Decks six through three have staterooms, each deck with a self-service laundry. Deck Three also includes the top story of the three deck atrium which is surrounded by public rooms on decks two and one.
Deck Two features the outdoor Promenade Deck that surrounds The Restaurant, the Viking Piano Bar and two separate Cinema Rooms with theater seating. Fully forward is the "Star Theater" for daytime enrichment lectures and nighttime entertainment.
The Spa on Deck One will have a large "thermal suite" - a self-service area with a large hot tub, a dry sauna and what Tor called a "snow room" where guests can dial up a light or moderate snowfall or "blizzard conditions" at the touch of a button.
The Background Story
True cruise aficionados find this bit of cruise ship lore fascinating. Tor's early career included working with a fellow Norwegian named Warren Titus who is credited with "inventing" luxury cruising with a cruise line coincidentally named Royal Viking Line. Many people who still work in the cruise industry, myself included, worked for Royal Viking Line.
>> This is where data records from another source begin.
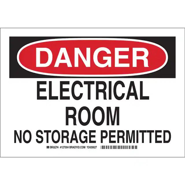 This is manufactured by Brady Corporation. The manufacturer part number is 127006. Label with a size of 14.00" l x 10.00" w (355.6mm x 254.0mm). The product is rohs3 compliant. It is assigned with possible HTSUS value of 3926.90.9985. It is shipped in bulk. It has a classic black and red legend, white background colour. The product brady®, is a highly preferred choice for users. The product is made from highly stable and reliable polyester. In addition, it is reach unaffected. Its typical moisture sensitivity level is not applicable. A bespoke label is a danger. electrical room no storage permitted label. The product is suitable for use with danger. It has a long 4 weeks standard lead time. The product is designated with the ear99 code number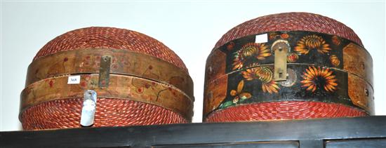 A PAIR OF CHINESE PAINTED AND LACQUERED WOVEN CANE FOOD CONTAINERS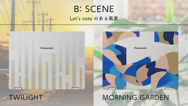 - ●Panasonic JapanのX(旧Twitter)アカウント(@panasonic_cp)内、レッツノート天板デザイン人気投票のアンケート投稿よりご回答ください。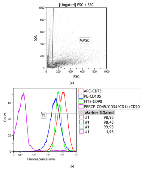 A strategy for gating live hAMMSCs. (a) MMSC identification based on forward scatter (FSC) vs. side scatter (SSC); (b) CD73+, CD90+, and CD105 + vs. CD14+CD20+CD34+CD45+.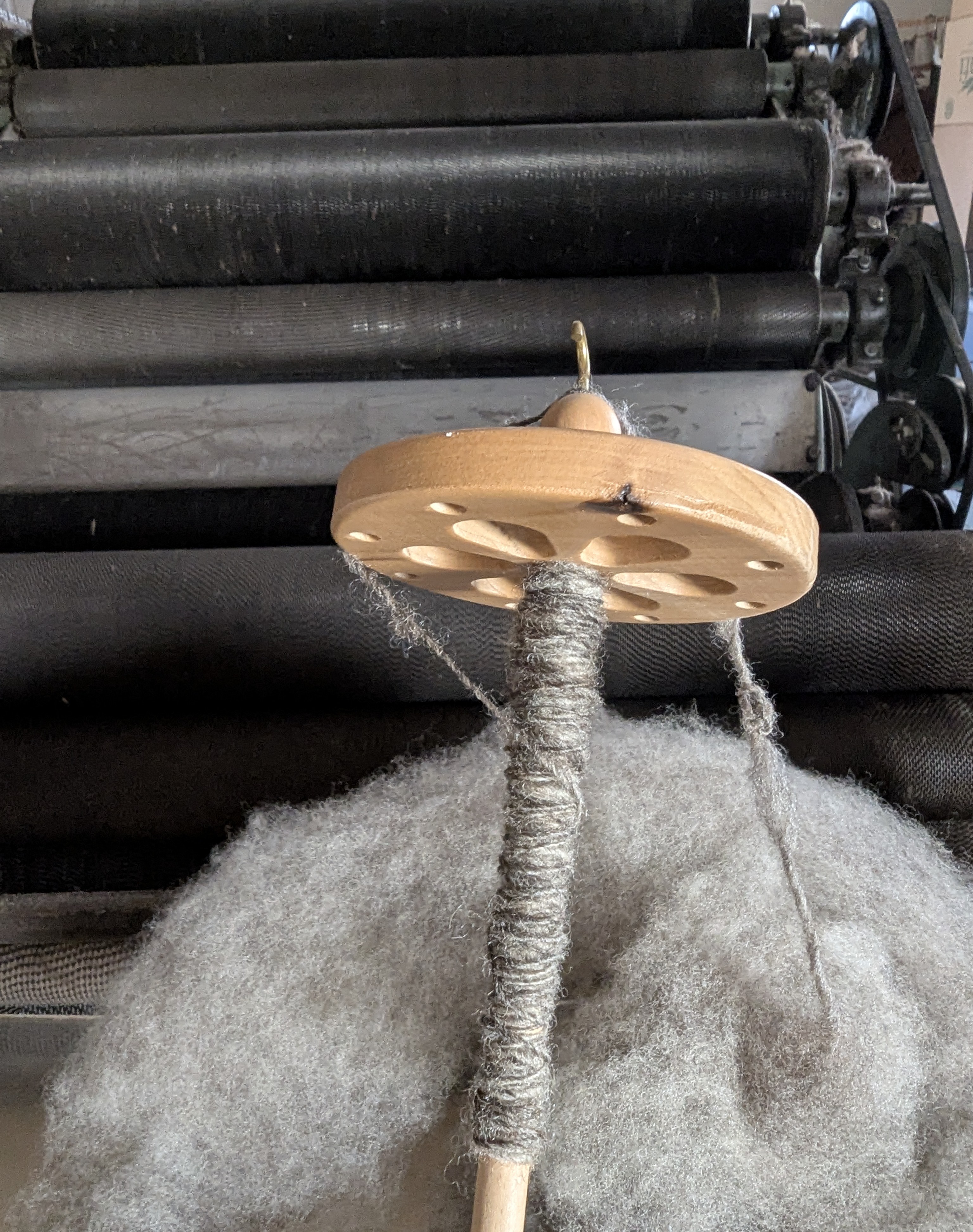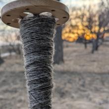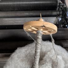 Spinners accustomed to commercial combed top, which can be dense and require significant predrafting, will likely find this carded preparation easy to spin. Biotayarns' carded wool blends are made by feeding washed wool (and other fibers) into a carding mill that opens up the locks, removes vegetable matter and passes it through several carding rollers that card the fibers but do not align the fibers parallel as in combed top. The wool you spin directly from this cloud will make a beautiful woolen yarn, the same as is spun from wool roving. Beautiful long draw spinning with this fleece!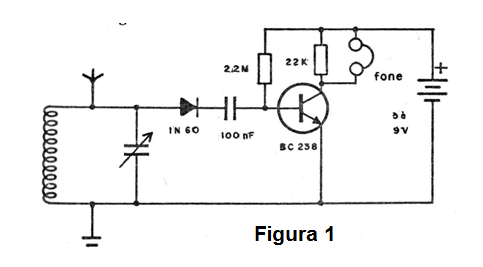 Esta posibilidad nos lleva al tipo más simple de radio transistorizado, o sea, la radio con un solo transistor usado como amplificador. El circuito completo de esta radio con los valores de los componentes se muestra en la figura 1.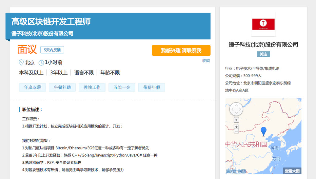 锤子科技好像也要开端布局区块链项目了,现在这家公司已经在招聘网站“猎聘”发布了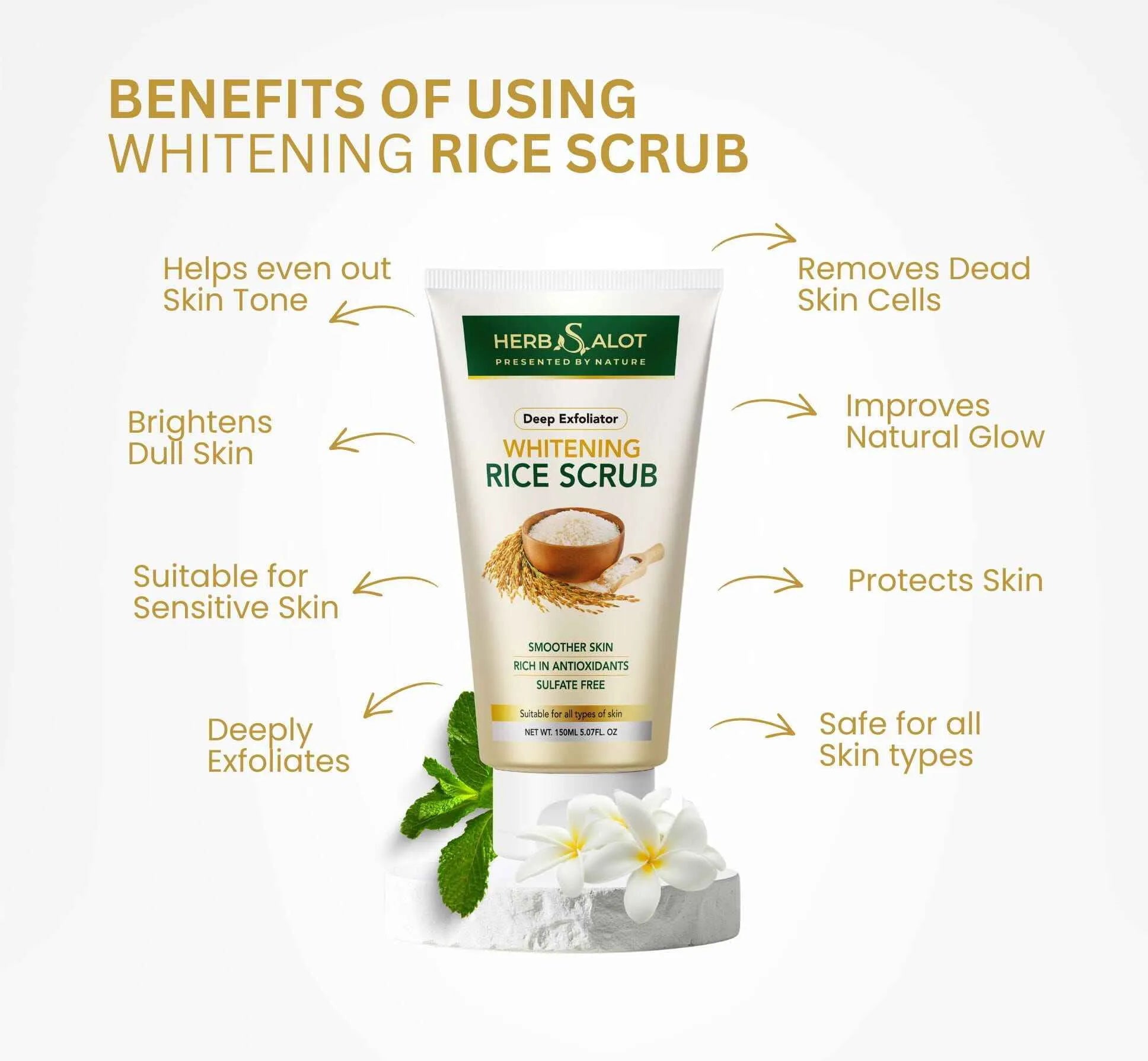 Herbsalot Whitening Rice Face Scrub 150ml – Smooth & Glowing Skin

The first time I walked aboard a Viking River Cruises boat was in 1997 and the Royal Viking Line influence was unmistakable. Royal Viking Line's first ship was "Royal Viking Star" and that the name of Viking River's first ship will be "Viking Star." Royal Viking Line redefined the cruise experience, and Viking Cruises is about to do the same.
In addition, based upon some of the comments by Tor Hagen during this announcement, I would not be surprised to see many more of these ships following. This is a company that by 2014 will have introduced 20 brand new river vessels in just three years. The first cruise ships will arrive in 2015 and 2016, and if successful I believe the line will build as many ships as it can. Tor mentioned the former Renaissance Cruises as a model for what a cruise line can do. Renaissance built eight identical ships in a period of three years - ships so practical in design that they are still in service for Oceania and Azamara Cruises today.